Without going into an extremely long description of my history with various sleep disturbances, nightmares, and sleep paralysis which has occurred off and on since I was a kid (I am 40 now), I will just get to the subject part of this post.
I have DDD with two completely desiccated discs which are pretty painful at times. I had before been prescribed Nortriptylene for nerve pain and discomfort, and had developed a lot of night terrors while using it. Mainly while immediately falling asleep, something didn't feel right, and I suddenly would find myself trying to snap myself back awake, only to feel like a heavy sheet was being drawn over me dragging me down into not only what felt like sleep, but like losing all consciousness. I can only describe it as to maybe what a person given some sort of sleeping drug or gas and struggling to stay awake must feel like. This happened almost nightly at one point, and I would a lot of times start calling out for help in my sleep. My wife typically has to shake me or give me a tap to wake me up. Always after these happen it feels if I go straight back to sleep, it will only happen again so I stay awake for 15-20 minutes before going back to sleep. It got so distracting, that I stopped taking Nortriptylene altogether.
Fast forward several months where I suffered another extreme back flare-up. I was literally laid up in bed for a week and could not get up, walk, or do much of anything. My doctor decided to try Gabapentin as an alternative to the Nortriptylene. I had been taking a lower dose (600mg) a night before bed and was working well. As the weather is starting to turn though, I've developed a little more pain and sensitivity so I decided to try going up an extra capsule on my Gabapentin last night. Big mistake.

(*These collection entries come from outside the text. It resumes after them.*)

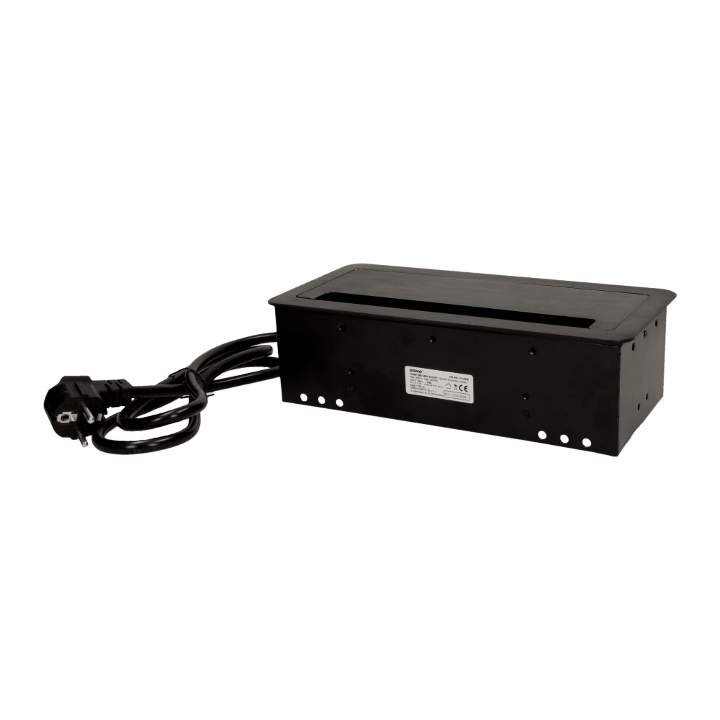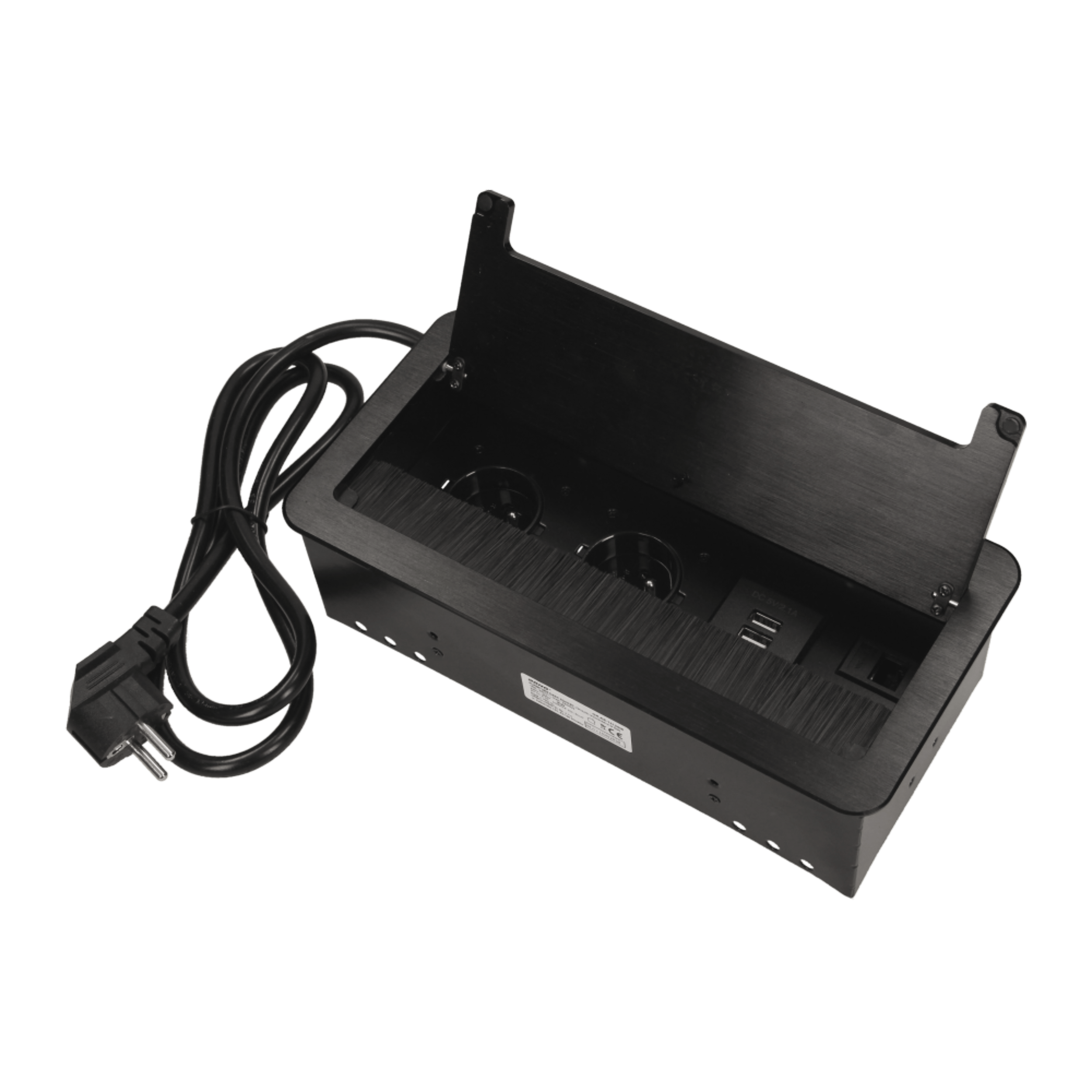 Čierna vstavaná zásuvka do nábytku 2x16A + USB + LAN s flexo káblom je určená na zabudovanie do nábytku, zvyčajne písacích a konferenčných stolov. Môže byť namontovaná vo vertikálnej aj horizontálnej polohe, čo umožňuje dobrý prístup do elektrických zásuviek. Zásuvka obsahuje 2 zásuvky so zemnením a zaťažiteľnosťou 16A, 2 USB nabíjačky s výstupom 5V 2,1A a 2 sieťové vstupy.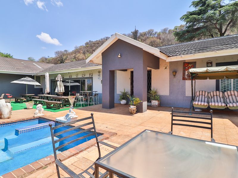 Entertainer’s mountainside retreat opposite Calvary Christian College off the R82, minutes from Southgate and Mall of the South, on 17,000sqm with deck, braai and splash pool.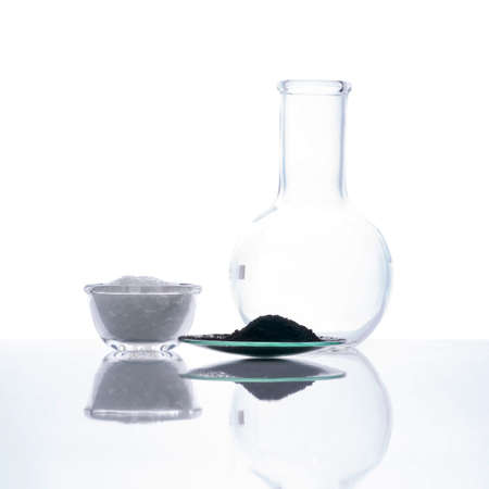Carbon Charcoal Powder in Chemical Watch Glass place next to Cetyl esters wax in glass container and Flat Bottom Flask. Side View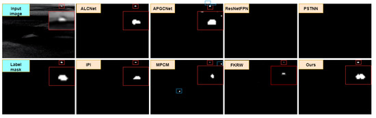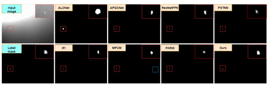 - Influence of sub-pixel convolutional upsampling. A high-resolution prediction map can effectively improve the effect of infrared small-target detection. In this study, we used subpixel convolution in a superresolution reconstruction task to improve the resolution of the prediction map. We studied and compared subpixel convolution and linear interpolation in this study. As shown in Table 7, the subpixel convolution network performance is outstanding. This is because of the traditional linear interpolation in spatial information only and in the neural network; correlation and interaction between each channel cannot be ignored, and the subpixel convolution can be a relatively good application of these relations through channel expansion. It is then reconstituted into the image space and the information between channels is effectively used to achieve better results than traditional sampling.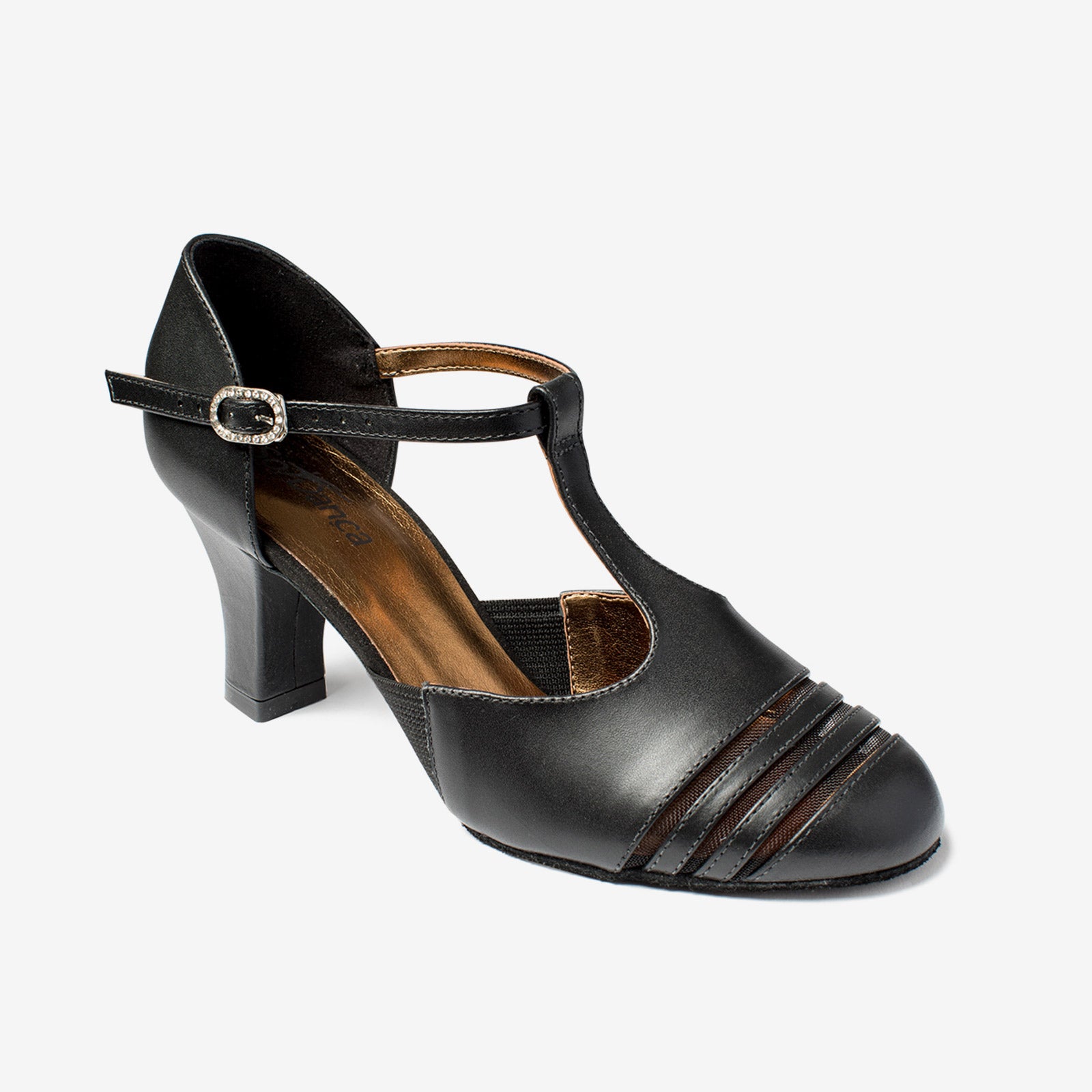 Bring a classic, sophisticated vibe to your next performance with this Salsa Ballroom shoe in sleek black leather. This stunning design features a supportive T-strap and an adjustable ankle buckle embellished with a touch of sparkle for that extra stage flair. The elegant closed-toe front is accented with breathable mesh inserts and stylish horizontal banding, while the professional suede sole ensures you have the perfect grip and glide for every salsa beat.

About 45 minutes after taking them I tried to go to sleep. And as I was lying there I can say that the thoughts and things going through my mind at this moment were not normal. Right now I can't even remember what I was thinking about or what was not normal about it, only that the rational/normal portion of my brain was recognizing that the other part of my brain was doing normal things. I want to say it was almost like hallucinatory or random bits of madness running through my mind. One thing I do remember is feeling like there was this electrical hum or buzz going through my body. I would even have noticed it there except every 30-45 seconds, it would stop for a few seconds, then start again. Once I became aware of it. It was very irritating and the few seconds when it stopped felt like extreme calmness and serenity, but then the buzzing would start again.
Eventually I guess I drifted off to sleep, and immediately went into my old sleep paralysis type episode I used to have with the Nortriptylene, but much, much more intense. When I started calling out to my wife in my sleep, my groans (even though I feel like I'm yelling, what comes out is like a muffled yell) eventually woke her up and she tried waking me up. Only this time I would awake for a split second, then immediately get pulled back in. She tried to wake me up for over 5 minutes. Each time she gave me harder slaps or shakes to wake me up, but I just got dragged back down and could not wake up. It was terrifying for both her and myself. Obviously the extra Gabapentin gave me an major adverse reaction. I am calling my doctor to see what she thinks.
I have almost admitted myself to the sleep disorder center before in my past for off again, on again sleep issues. Just know this was one of the worst incidents that I've had.